Man Who Allegedly Pied Strangers in The Face With Whipped Cream Identified

A man suspected of throwing plates of whipped cream at random civilians' faces has been identified but not yet apprehended.

Andre Eugene Moore-Gerald, 22, of Greenville, South Carolina, was identified as the suspect on Thursday. The Greenville Police Department, in a Facebook post Wednesday, said that at about 2:30 p.m., officers responded to an assault near the Main Street bridge. In Greenville, there's a one in 139 chance of being a victim of a violent crime, according to Neighborhood Scout.

"A woman was walking on the sidewalk, pushing her child in a stroller, when the pictured suspect hit her in the face with a plate of whipped cream," police said. "There have been multiple incidents of this occurring today."

The mother was reportedly walking on Main Street in downtown Greenville when she was attacked.

On Thursday police posted again on Facebook saying the suspect had been identified, thanking the public for assistance.

Pie Suspect
The Greenville Police Department has a warrant out for the arrest of Andre Eugene Moore-Gerald, 22, who allegedly has thrown whipped cream pies at strangers' faces the past few days. Greenville Police Department

A warrant provided to Newsweek shows that Moore-Gerald is charged with third-degree assault and battery. It also states that the suspect allegedly "did attempt to injure the striking her in the face with a plate covered in whipped cream."

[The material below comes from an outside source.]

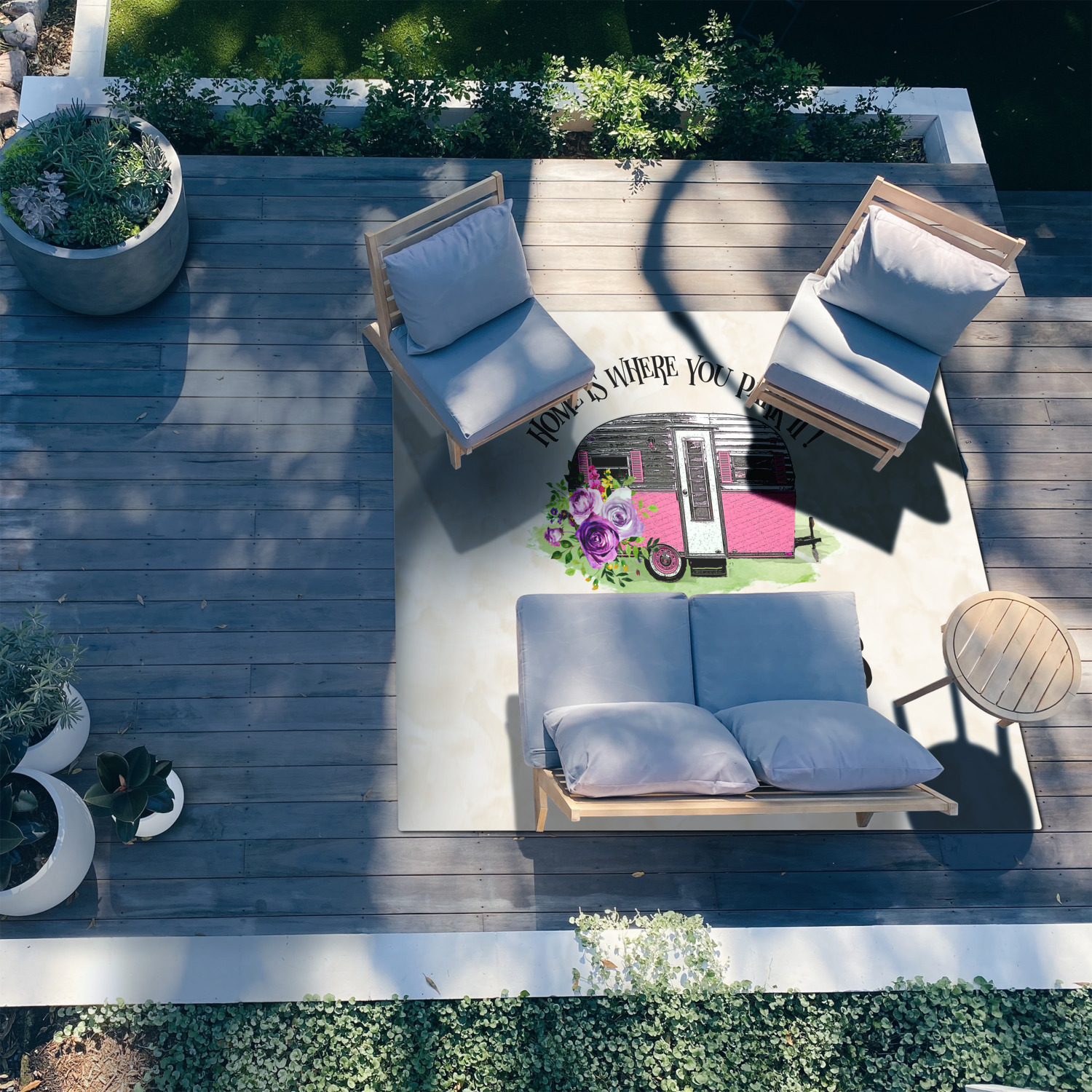 Our custom patio area rugs are velvety soft and smooth, with a short pile, beautiful sewn corners and edges for a refined and exquisite finished look. The poly chenille face is printed with your design and is sure to brighten up any room with its fabulous look. They have just enough cushion to feel comfortable under foot but not soak up water in the weather and offer a quick drying material.

Moore-Gerald was identified by nearby surveillance video footage, the warrant says, as well as YouTube videos he created. He also reportedly wore the same clothing in multiple incidents.

Sergeant Johnathan Bragg of the Greenville Police Department told Newsweek that, as of the time of publication, the suspect has not yet been arrested.

"We know that several people have been hit with the whipped cream plates," Bragg said when asked how many individuals were assaulted by the suspect. "However, we only had one person that called to file a report. That is where the assault and battery charge stems from."

FBI data shows that the assault rate in Greenville for 2018 was 370.65 per 100,000 residents—a 12.51 percent decline from the previous year. Violent crime in the city also decreased year over year dating back to 2015.

The suspect's YouTube channel is listed under the name "Savage_dre" and includes two videos involving pie-in-the-face pranks—the first posted Wednesday, and a sequel posted Thursday.

YouTube users have commented on his videos, informing Moore-Gerald that he is wanted by police and that there is a warrant out for his arrest. Support for his "prank" was limited, as few users called it a good comedic effort while most others said it was crossing the line.

The suspect has even responded to many of the comments, even asking some of them to subscribe to his page.

"Randomly smacking strangers in the face isn't cool," one user told Moore-Gerald, to which he replied, "You right, that's my fault."

"An assault charge for a paper plate of whipped cream to the face is absurd," another user commented. "Sorry bro, Greenville isn't what it used to be. Everyone is so uptight now."

With April Fools' Day taking place just weeks ago, the internet has been alive with chatter about pranks, taking time to note the worst ones seen.

One boss pretended to fire an employee as a prank, and it was not well received.

And a British company is under fire for pranking its customers with "free beer for life."